Friday 27 May 2011 00:00 BST
Comments

Peace plan doomed from the start

I watched the Israeli Prime Minster's address to the US Congress with increasing disbelief and despair, not because of Mr Netanyahu's statement that Judea and Samaria (West Bank to you and me) is Jewish land, nor that he must have all of Jerusalem, but the nauseating yo-yoing of the members of Congress repeatedly standing up to applaud. It proved that Israel under this man does not want peace, but also that the efforts of Obama are dead in the water before he has even started.

What must now happen is for Europe in the form of the EU, where, after all, the problem of Palestine originated, to take up the issue and become independent of the USA. We should start by agreeing to recognise Palestine at the UN in the autumn. Second, review the Associate State Agreement that gives preferential tariffs for Israeli goods to its largest market. Israel will not negotiate until it has to.

Peter Downey, Bath

Rare example of honest justice

It seems that any opportunity is a good one to delegitimise Israel (letters, 23 May).

To suggest that the legal system is biased is absurd. It has an excellent international reputation among western judiciaries, dating back to the earliest days of the founding of the state. Many may recall the dignity, respect and acclaim received in its handling of the Eichmann trial.

Take a look at recent cases concerning former President Katzir being tried by three judges one of whom comes from an Arabic community as well as decisions against the army and government alike. No different to any other western democracy.

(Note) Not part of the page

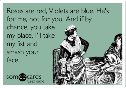 For the second time today, I've come across this attitude: Noirbettie pointed on her blog to a new Miley Cyrus recording, of Dolly Parton's Jolene, which expresses a simular sentiment. (Not that I think Noirbettie shares this view, she just pointed to the song.) Both the card and the song put forth the idea that a man can be stolen from one woman by another. While the situation of one lover leaving the other is common, it's the idea that the man is an object that can be stolen that I object to. It reduces him to a vessel that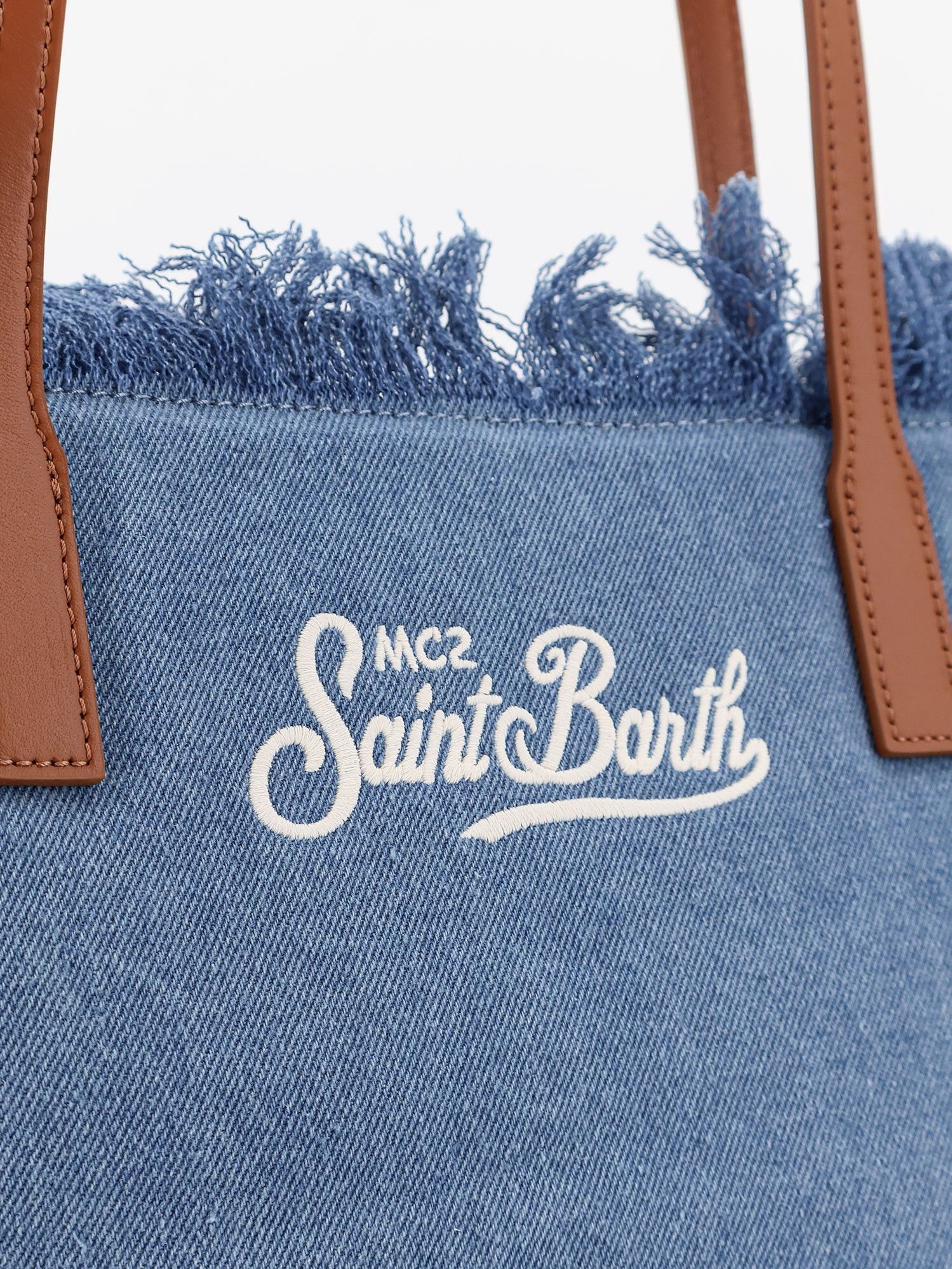 Mc2 Saint Barth City Bag Denim Shoulder Bag With Front Embroidered Logo

And ask who in any other Middle Eastern country would expect to face a court of law and obtain a fair trail and you may have a different answer. But the knocking will continue for those with other agendas.

Reuben Saffer, Manchester

Please, it's not our 'Jewish state'

I would thank D Roberts (letter, 26 May) not to insult me and the millions of other people of Jewish ancestry who deplore the Israeli government's crimes by referring to that country (three times in one letter) as "the Jewish state". It implies that the writer associates us all with such atrocities, which is deeply offensive – one might go so far as to say anti-Semitic.

Laurie Marks, Cambridge

NHS 'pause' looks a sham

While it is clear from many reports and editorial comment that the Health and Social Care Bill has been subject to a "pause", it may not be clear outside the NHS that key decisions are being made that unconstitutionally anticipate the passing of the Bill. For example, in London half the staff of the primary care trusts have already been made redundant.

Mr Cameron needs to instruct the Health Secretary and the NHS chief executive that the pause of the Bill, if it is to be more than a cosmetic process, requires an immediate halt to this kind of sharp practice.

Also, if the pause is to have any meaning, key terms, particularly "privatisation", need definition. Coalition spokespeople keep on asserting that the Bill does not involve privatisation, but measures to commercialise NHS services are pervasive.

Dr Peter Draper, London N6

David Bennett, head of the foundation trust regulator Monitor, has defended its proposed role as an overall NHS regulator tasked with promoting and controlling marketing competition. Mr Bennett claimed that "choice could deliver better outcomes for patients". This is the same claim the Tories made in the 1980s and 1990s when they privatised our utilities and railways; look how well that turned out.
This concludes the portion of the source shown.